Naturally, as with "Everything She Wants," the official video features a completely different (and, in my opinion, less enjoyable) mix, which I've never heard on the radio ever, of a song which, in its original incarnation, was the definition of flawless, leaving me reluctant to ever watch it. In other words, when I think of "When I Think Of You," I never think of this mix. The drum machine pounds instead of skips, the snippets of dialogue are jarring, etc. etc. The most egregious addition is an extra keyboard riff (on top of the other two keyboard riffs that were already present!) that sounds like it belongs on Janet's subsequent "Love Will Never Do Without You" but shouldn't have been let 10 miles near "When I Think Of You." It's like that scene in Amadeus where the Emperor tells Mozart that his composition is excellent, except it contains "too many notes." Substitute Jimmy Jam & Terry Lewis for Mozart, and you know what? The Emperor was right!

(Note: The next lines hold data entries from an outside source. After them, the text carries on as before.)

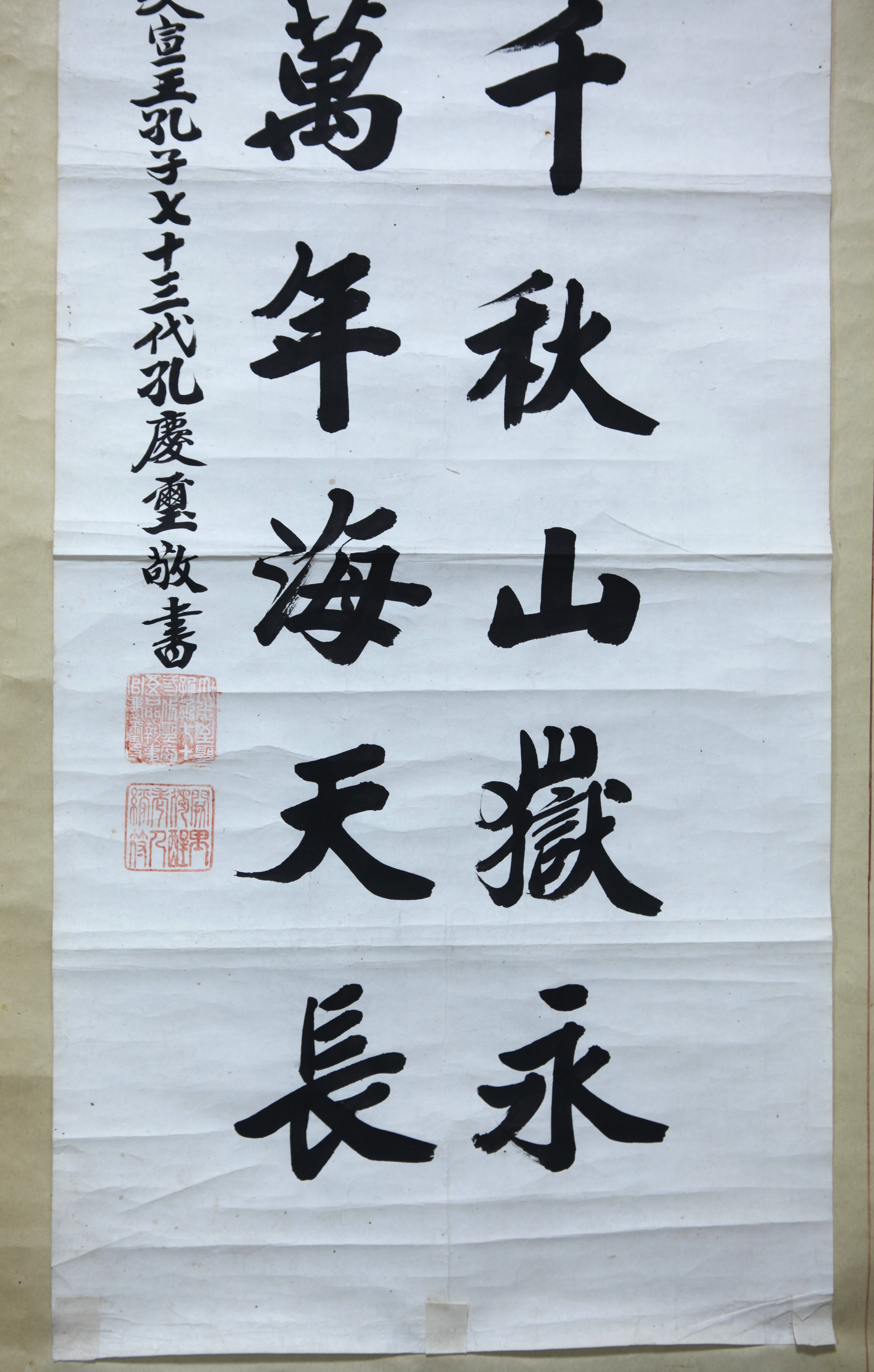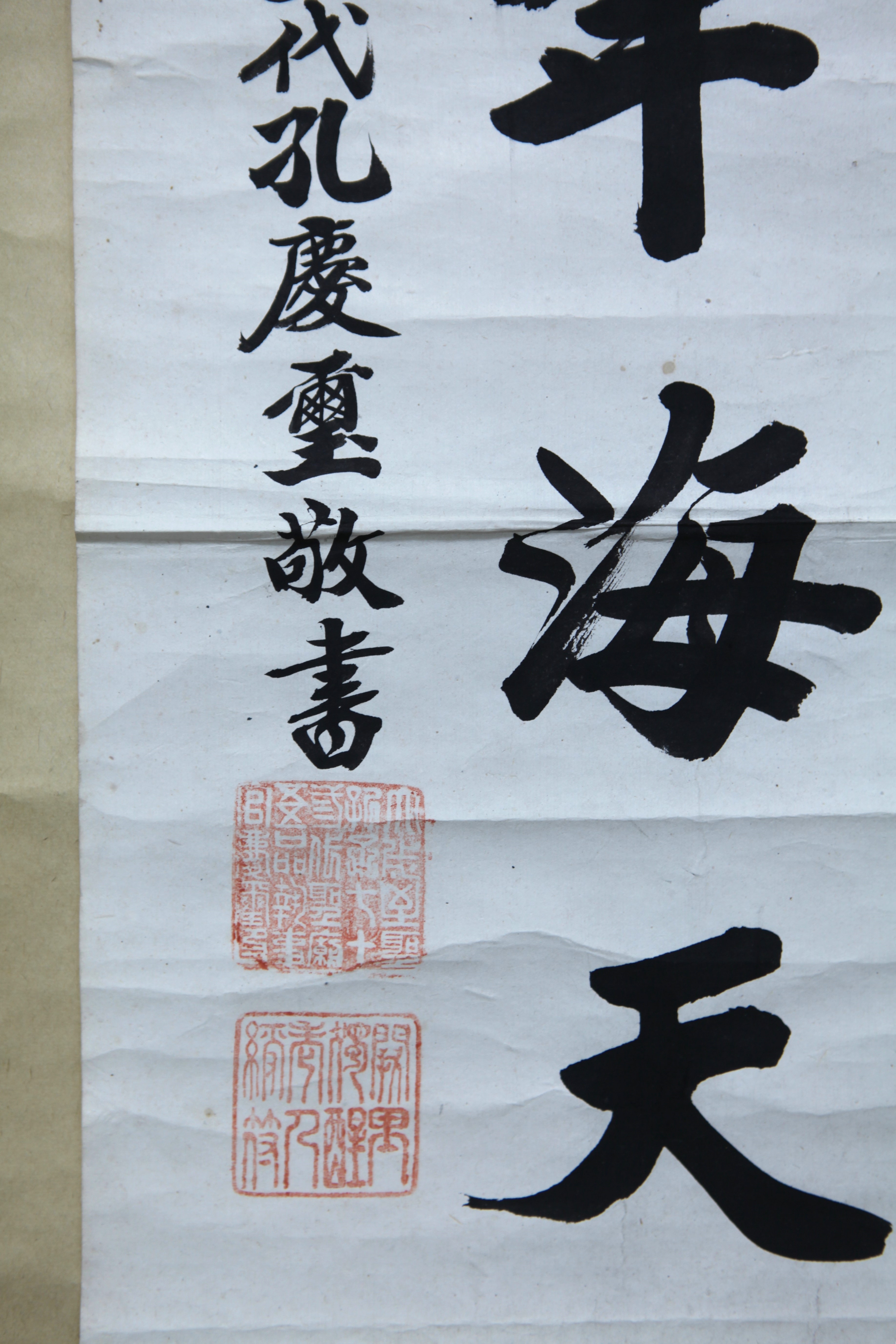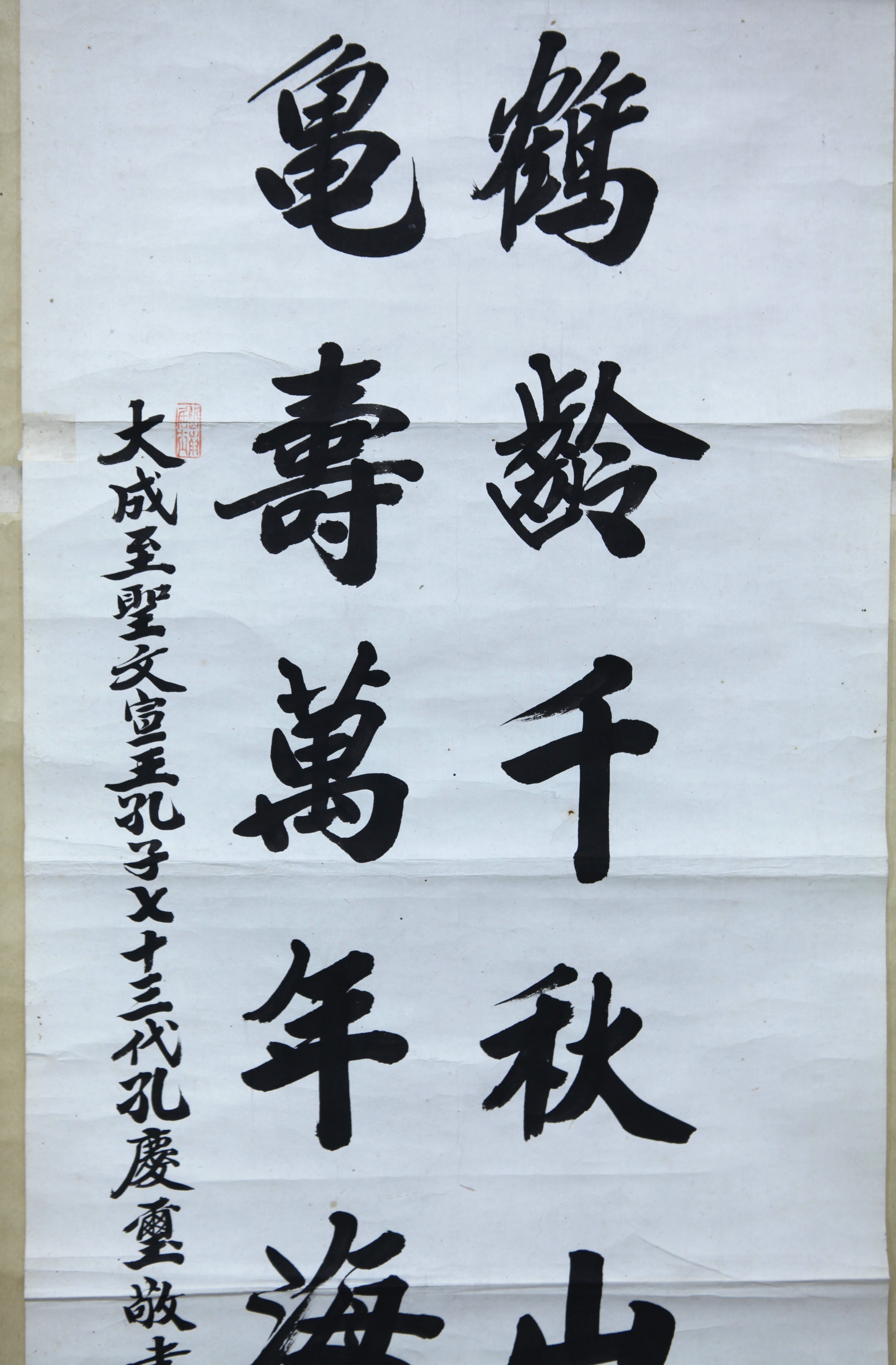 - 【真作】【風車】 孔子七十三代 孔令璽 「鶴亀長寿」◎肉筆紙本 未表装◎孔聖後裔 民国時代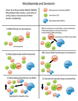 - ↑ Nair NP, Ahmed SK, Kin NM (November 1993). "Biochemistry and pharmacology of reversible inhibitors of MAO-A agents: focus on moclobemide". Journal of Psychiatry & Neuroscience. 18 (5): 214–25. PMC 1188542. PMID 7905288.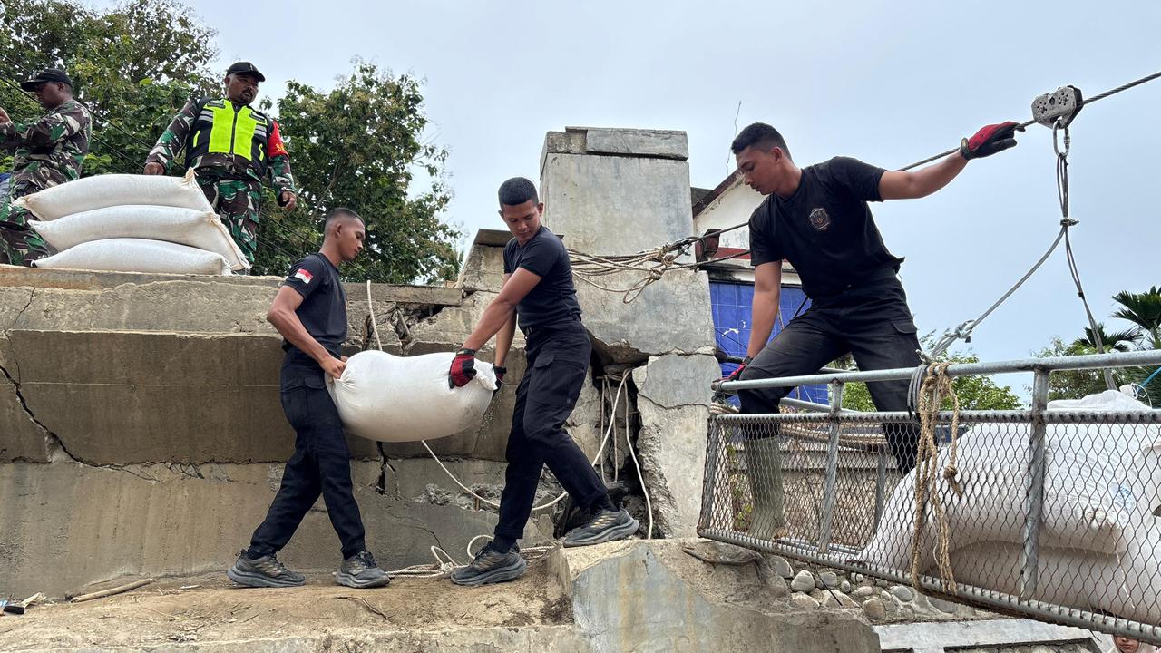 Headline.co.id, Personel Sar Satuan Brimob Polda Aceh Telah Menyalurkan Bantuan Logistik Kepada Masyarakat Terdampak Bencana Di Desa Kubu ~ Bireuen. Bantuan ini disalurkan dengan memanfaatkan jembatan Sling Baja. Kabid Humas Polda Aceh, Kombes Pol. Joko Krisdiyanto, S.I.K, menyampaikan pada Senin, 15 Desember 2025, bahwa bantuan tersebut terdiri dari bahan makanan dan selimut.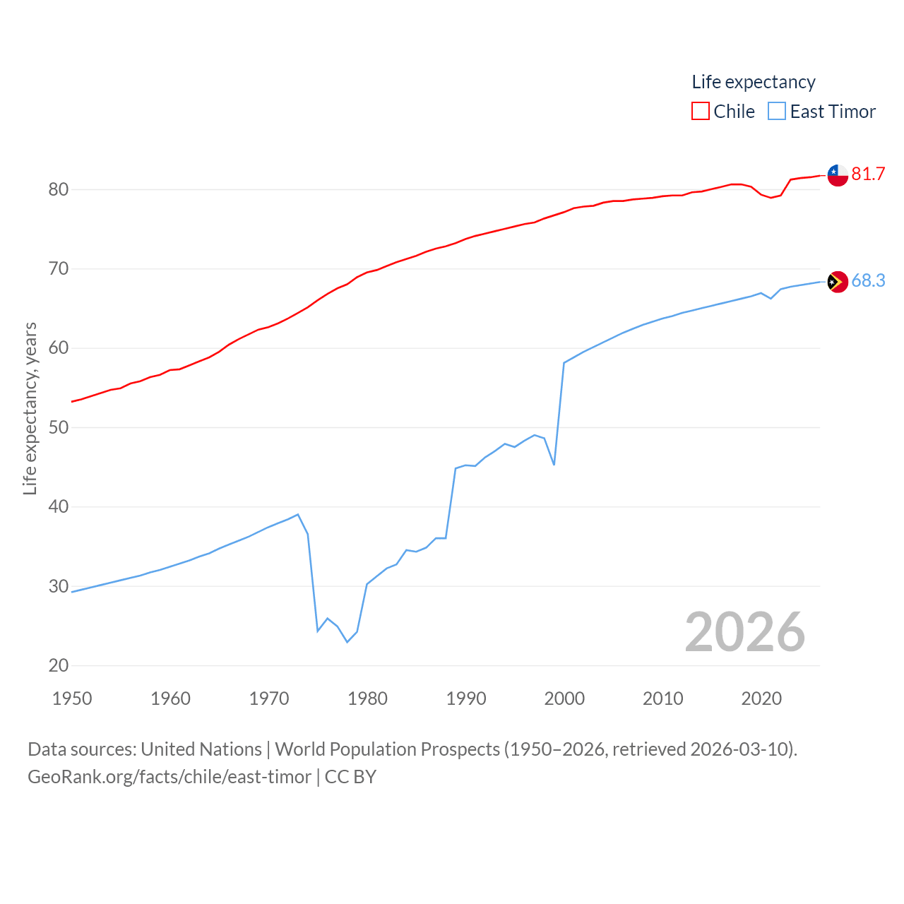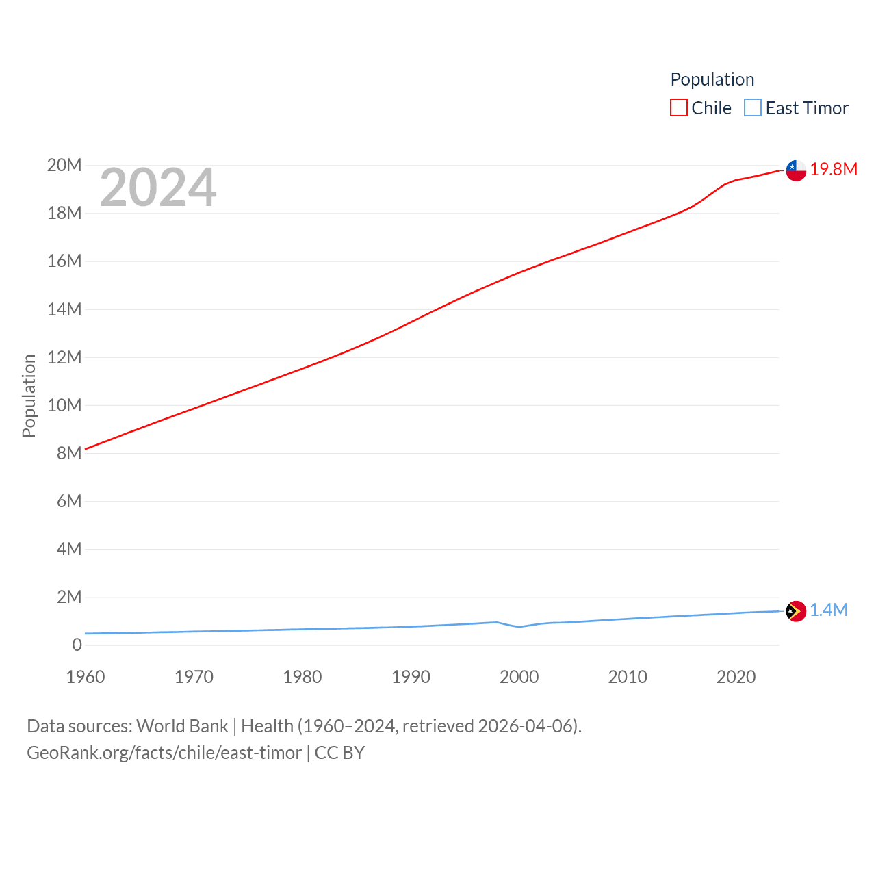 Chile has a population of 19.8M (ranked 66/197), compared with 1.4M in East Timor (ranked 152/197). Chile's land area is 286,809 sq mi versus 5,741 sq mi for East Timor (ranked 38th vs. 155th).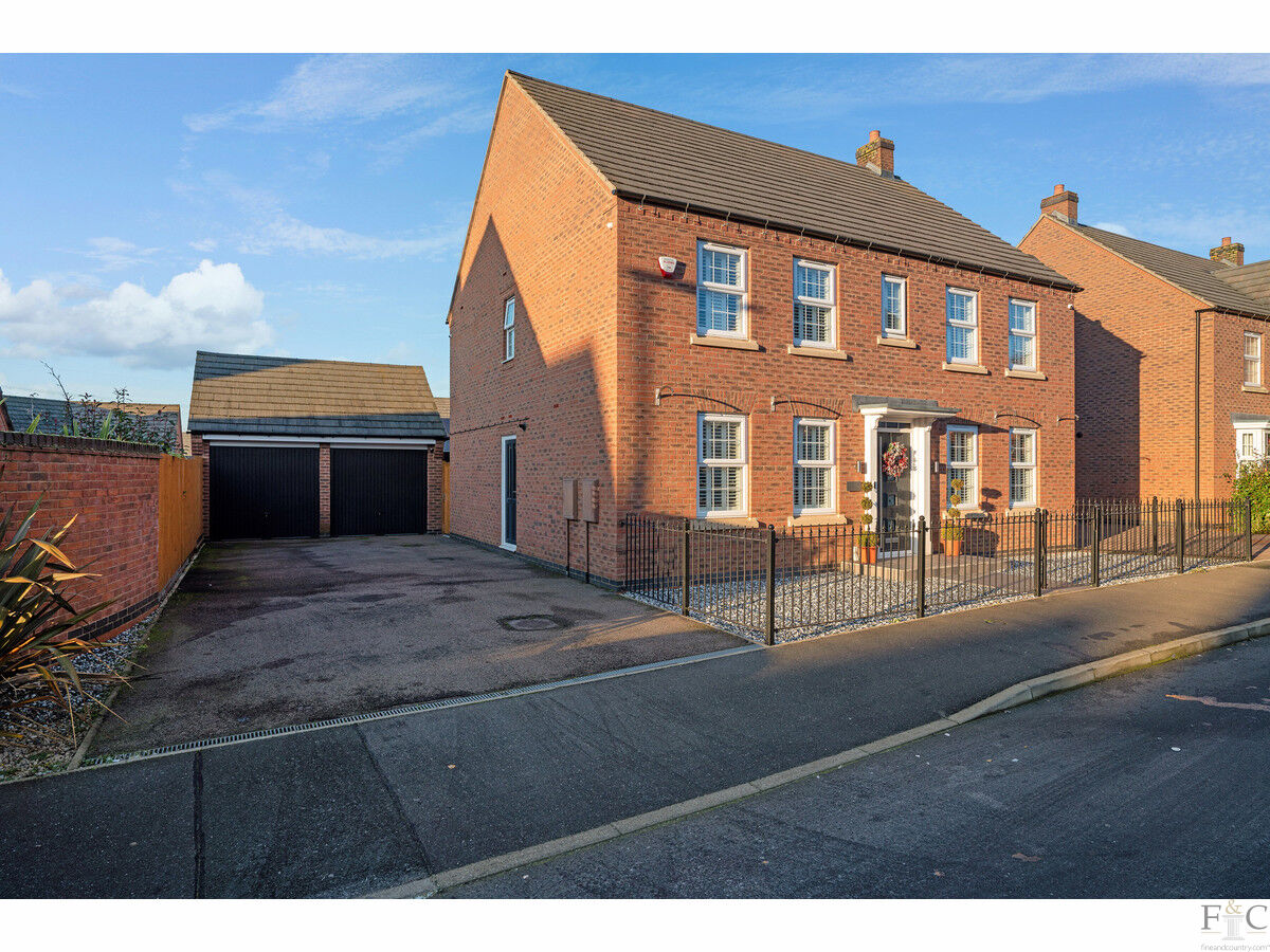 This is a lovely home settled within similarly attractive properties, in a quiet residential area of Glenfield village. Here, you have a house of quality and size, built to incorporate classical features with all the advantages of contemporary style. The sash reproduction windows, chimney pot, brick castellation and window ledges, work favourably together to create a property that was built in 2014 and is still within its ten year building warranty. It has been designed to salute traditional trends and fulfil today’s expectations of a large family home. It is a four bedroom detached property in excellent condition, with three separate reception rooms, two bathrooms and a garden office.

The video appears to take place on the set of a post-war MGM musical, modeled after a crowded New York tenement, complete with ladies who shake their rugs off balconies, rowdy sailors on shore leave, zoot-suited swing dancers, lazy neighborhood loiterers who sleep in other people's convertibles, photographers who still use flash bulbs, hobos juggling torches, a disgruntled old geezer who keeps threatening to call the cops for no apparent reason, and, nostalgically, a pair of cops who don't actually beat the shit out of people. And then there's Janet, who looks exactly like how she always looked in 1986. The video gives the illusion of having been filmed in one shot, but is actually five smaller shots combined - sort of like a menu item at Taco Bell. Between you and me, while I admire the scale of the production, it feels at odds with the more elemental "Janet and a couple of keyboards" arrangement of the song. Where's the "Lucky Star"/three-dancers-and-a-white-background approach when you need it?